*YOUR ASSIGNMENT*
Look through the data below and output, unchanged, every line from the one holding "鮮やかな濃色カラーが映える、今治生産の高品質タオル。" through the one holding "Historical topographic maps", inclusive. Skip the pictures.

EXERCISE INPUT below:

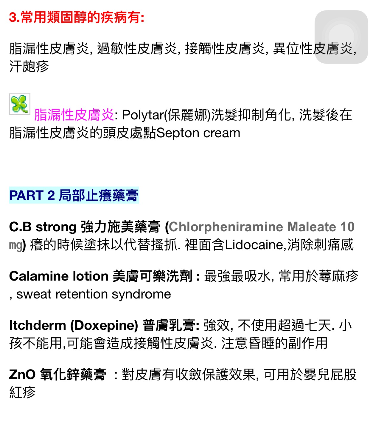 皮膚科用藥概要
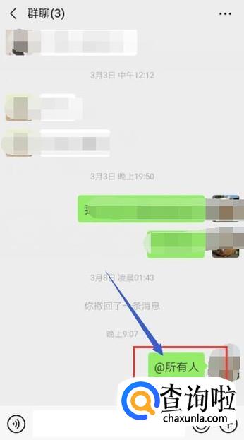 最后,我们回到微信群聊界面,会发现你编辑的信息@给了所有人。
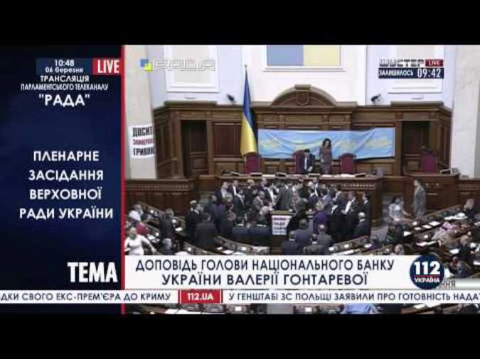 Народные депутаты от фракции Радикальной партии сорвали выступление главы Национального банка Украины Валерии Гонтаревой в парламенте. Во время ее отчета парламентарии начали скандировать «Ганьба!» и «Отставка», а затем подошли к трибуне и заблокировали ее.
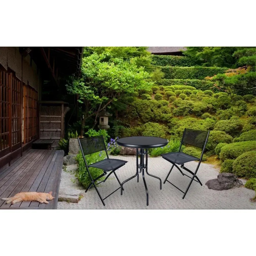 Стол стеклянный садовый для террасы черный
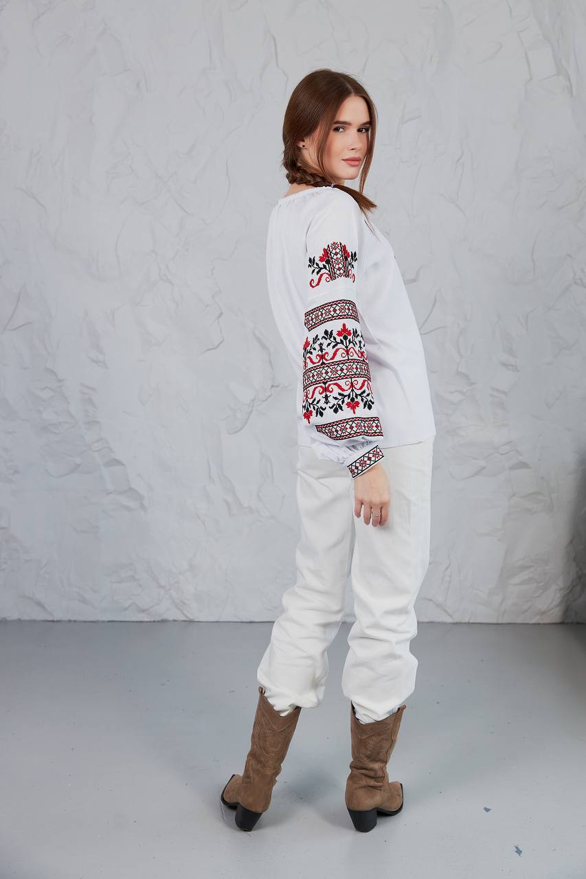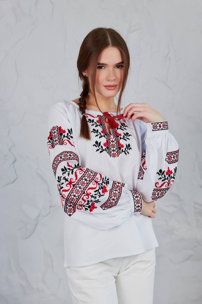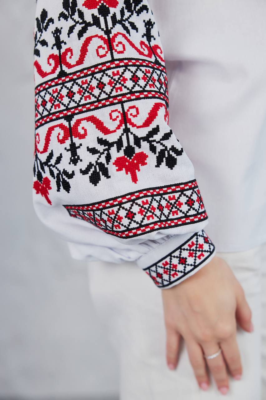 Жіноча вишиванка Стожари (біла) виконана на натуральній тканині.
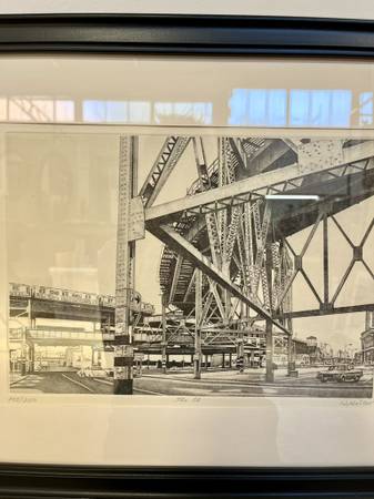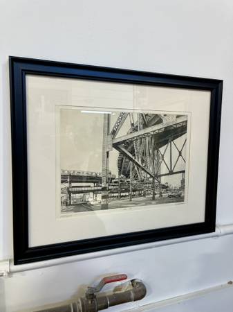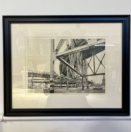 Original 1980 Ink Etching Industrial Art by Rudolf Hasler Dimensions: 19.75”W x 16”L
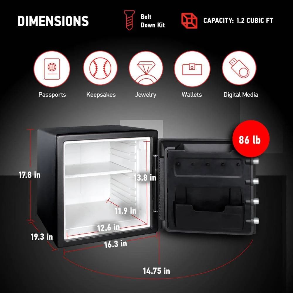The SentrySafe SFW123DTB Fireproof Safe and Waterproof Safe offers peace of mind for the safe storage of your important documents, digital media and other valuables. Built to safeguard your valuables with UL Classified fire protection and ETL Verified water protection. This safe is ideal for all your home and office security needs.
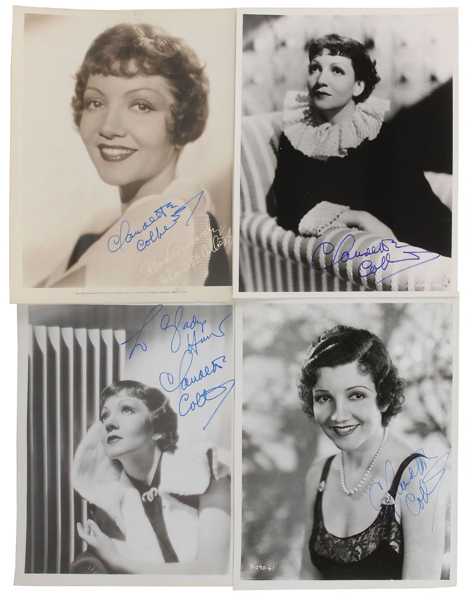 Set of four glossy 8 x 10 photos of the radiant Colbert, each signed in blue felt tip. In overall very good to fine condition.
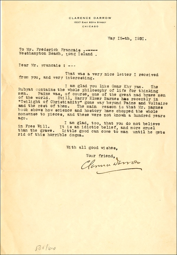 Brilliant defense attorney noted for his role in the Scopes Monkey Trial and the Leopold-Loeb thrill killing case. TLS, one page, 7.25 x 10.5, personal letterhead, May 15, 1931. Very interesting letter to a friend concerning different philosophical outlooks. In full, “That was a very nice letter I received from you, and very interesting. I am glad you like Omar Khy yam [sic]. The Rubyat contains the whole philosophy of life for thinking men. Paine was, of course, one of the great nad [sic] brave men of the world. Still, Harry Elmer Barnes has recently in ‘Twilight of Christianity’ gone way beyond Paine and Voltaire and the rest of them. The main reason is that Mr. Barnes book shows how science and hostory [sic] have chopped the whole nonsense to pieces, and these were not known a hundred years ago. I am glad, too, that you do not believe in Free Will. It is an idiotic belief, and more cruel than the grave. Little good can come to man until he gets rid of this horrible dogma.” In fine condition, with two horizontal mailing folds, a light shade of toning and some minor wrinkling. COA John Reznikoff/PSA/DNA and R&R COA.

End of EXERCISE INPUT.
EXERCISE INPUT below:

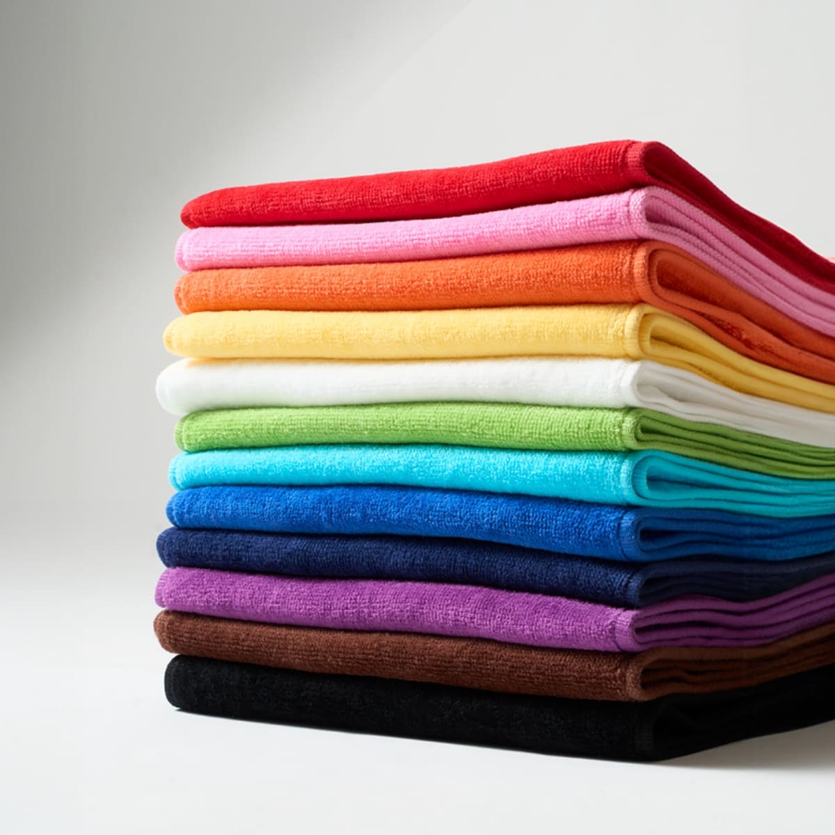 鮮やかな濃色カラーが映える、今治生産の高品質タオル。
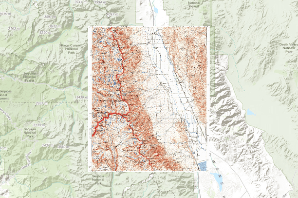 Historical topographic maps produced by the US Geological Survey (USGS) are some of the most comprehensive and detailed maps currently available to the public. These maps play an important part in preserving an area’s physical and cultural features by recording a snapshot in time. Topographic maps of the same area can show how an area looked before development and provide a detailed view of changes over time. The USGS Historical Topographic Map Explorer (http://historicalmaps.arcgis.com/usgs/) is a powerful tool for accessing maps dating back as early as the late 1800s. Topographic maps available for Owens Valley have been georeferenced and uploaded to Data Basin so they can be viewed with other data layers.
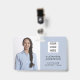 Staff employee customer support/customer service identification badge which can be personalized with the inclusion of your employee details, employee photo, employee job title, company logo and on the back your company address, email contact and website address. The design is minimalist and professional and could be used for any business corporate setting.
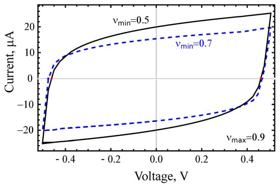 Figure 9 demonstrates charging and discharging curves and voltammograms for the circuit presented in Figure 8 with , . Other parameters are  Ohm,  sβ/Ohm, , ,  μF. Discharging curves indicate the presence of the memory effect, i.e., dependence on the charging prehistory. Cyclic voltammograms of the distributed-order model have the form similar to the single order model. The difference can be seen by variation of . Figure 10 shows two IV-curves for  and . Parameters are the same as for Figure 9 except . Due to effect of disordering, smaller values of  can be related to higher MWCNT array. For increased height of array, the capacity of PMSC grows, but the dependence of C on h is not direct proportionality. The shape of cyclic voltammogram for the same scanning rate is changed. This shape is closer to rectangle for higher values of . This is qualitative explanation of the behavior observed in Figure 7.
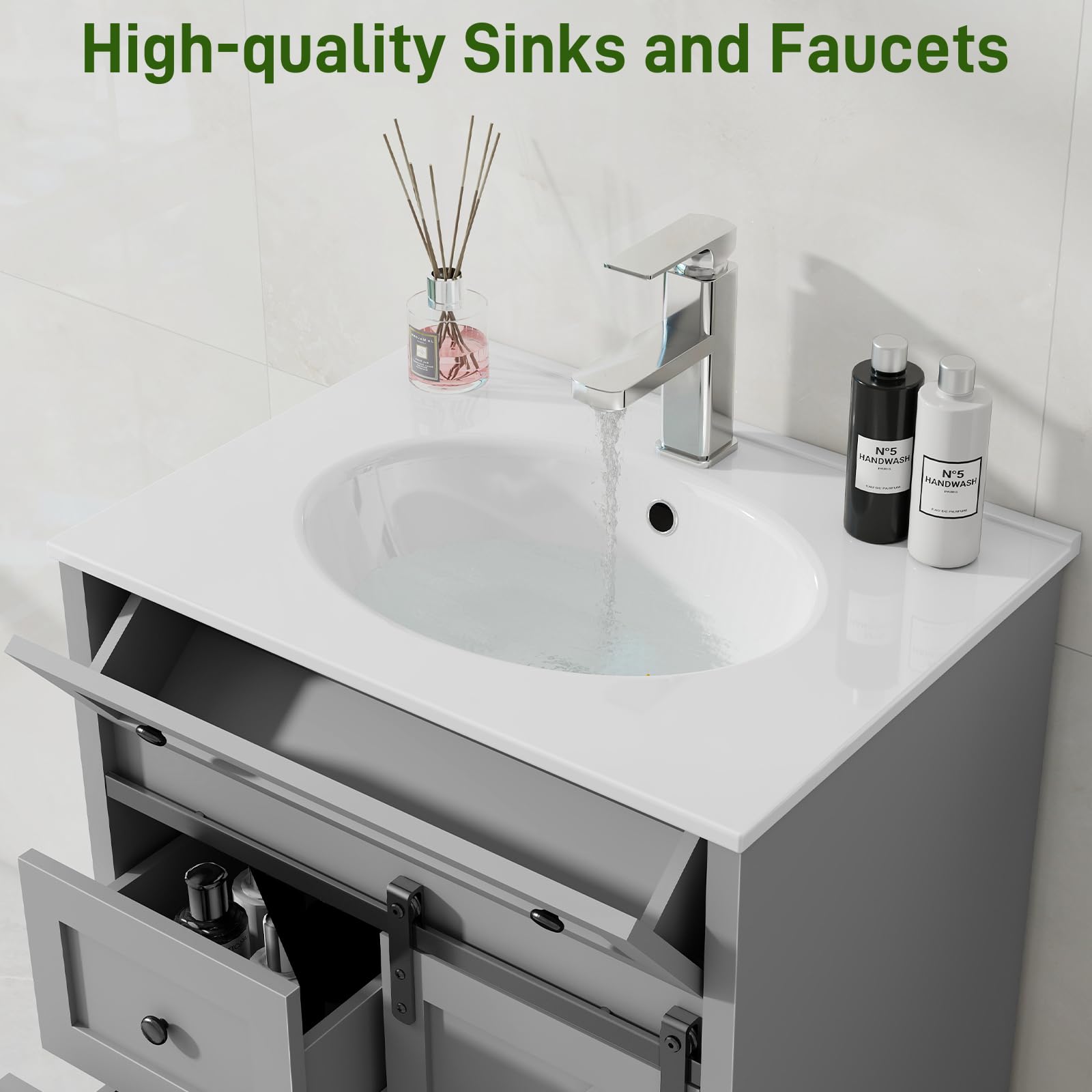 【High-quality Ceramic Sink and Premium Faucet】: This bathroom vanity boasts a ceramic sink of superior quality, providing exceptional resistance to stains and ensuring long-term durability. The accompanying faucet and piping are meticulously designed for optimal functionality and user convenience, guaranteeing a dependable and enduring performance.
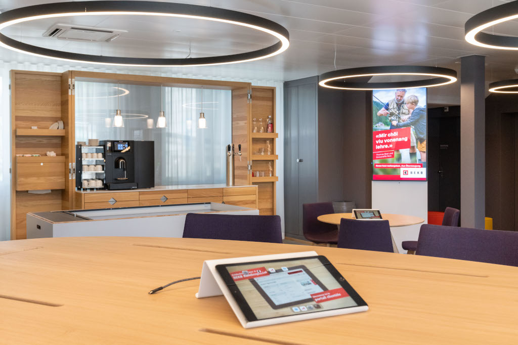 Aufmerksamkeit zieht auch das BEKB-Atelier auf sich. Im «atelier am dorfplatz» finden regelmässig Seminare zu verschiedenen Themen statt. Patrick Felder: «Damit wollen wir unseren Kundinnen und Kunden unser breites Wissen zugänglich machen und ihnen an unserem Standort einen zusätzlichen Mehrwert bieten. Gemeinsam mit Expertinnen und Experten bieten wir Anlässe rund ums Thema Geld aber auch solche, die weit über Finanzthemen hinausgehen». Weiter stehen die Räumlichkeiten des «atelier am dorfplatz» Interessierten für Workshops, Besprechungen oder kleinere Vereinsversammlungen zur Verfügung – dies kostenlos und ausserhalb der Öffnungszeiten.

End of EXERCISE INPUT.
EXERCISE INPUT below:

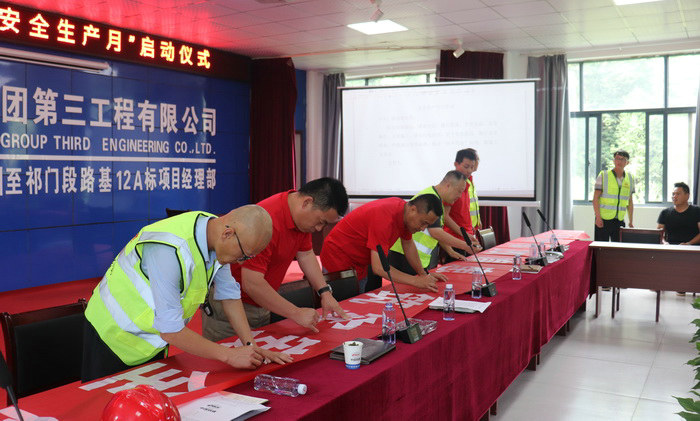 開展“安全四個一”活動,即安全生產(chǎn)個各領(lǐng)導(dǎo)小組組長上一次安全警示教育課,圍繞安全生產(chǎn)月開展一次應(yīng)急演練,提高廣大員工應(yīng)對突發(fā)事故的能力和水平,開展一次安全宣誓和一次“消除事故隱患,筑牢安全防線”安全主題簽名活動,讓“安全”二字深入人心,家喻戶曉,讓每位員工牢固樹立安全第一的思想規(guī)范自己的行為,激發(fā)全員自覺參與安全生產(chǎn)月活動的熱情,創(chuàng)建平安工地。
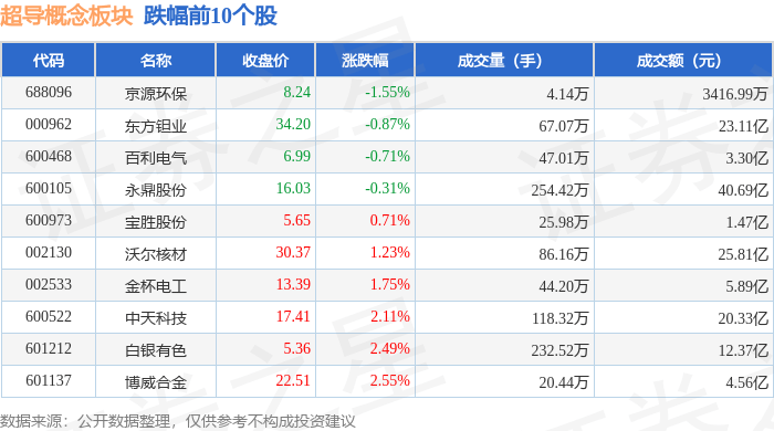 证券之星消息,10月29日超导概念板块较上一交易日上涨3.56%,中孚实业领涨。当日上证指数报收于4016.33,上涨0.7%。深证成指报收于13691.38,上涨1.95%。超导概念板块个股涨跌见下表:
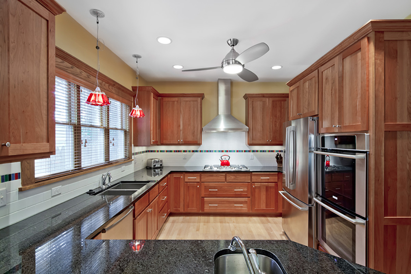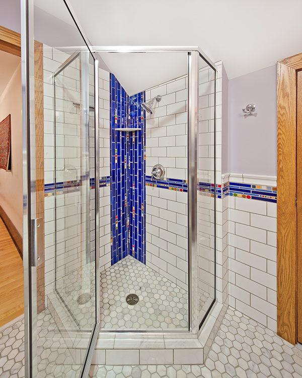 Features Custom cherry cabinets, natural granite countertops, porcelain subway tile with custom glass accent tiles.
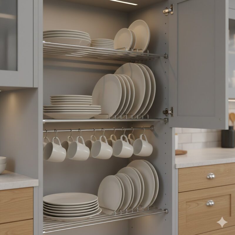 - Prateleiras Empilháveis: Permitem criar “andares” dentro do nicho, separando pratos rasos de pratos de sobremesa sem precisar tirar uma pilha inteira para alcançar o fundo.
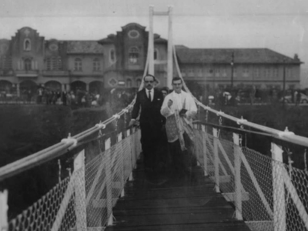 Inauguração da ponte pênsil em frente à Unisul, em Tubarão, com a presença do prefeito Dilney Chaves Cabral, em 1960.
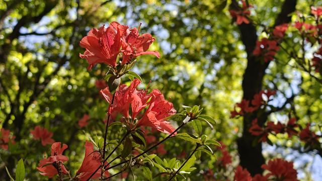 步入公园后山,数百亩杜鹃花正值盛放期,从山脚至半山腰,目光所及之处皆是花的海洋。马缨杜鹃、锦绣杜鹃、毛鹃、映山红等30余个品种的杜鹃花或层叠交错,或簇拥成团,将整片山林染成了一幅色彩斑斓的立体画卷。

End of EXERCISE INPUT.

*OUTPUT*
 鮮やかな濃色カラーが映える、今治生産の高品質タオル。
 Historical topographic maps produced by the US Geological Survey (USGS) are some of the most comprehensive and detailed maps currently available to the public. These maps play an important part in preserving an area’s physical and cultural features by recording a snapshot in time. Topographic maps of the same area can show how an area looked before development and provide a detailed view of changes over time. The USGS Historical Topographic Map Explorer (http://historicalmaps.arcgis.com/usgs/) is a powerful tool for accessing maps dating back as early as the late 1800s. Topographic maps available for Owens Valley have been georeferenced and uploaded to Data Basin so they can be viewed with other data layers.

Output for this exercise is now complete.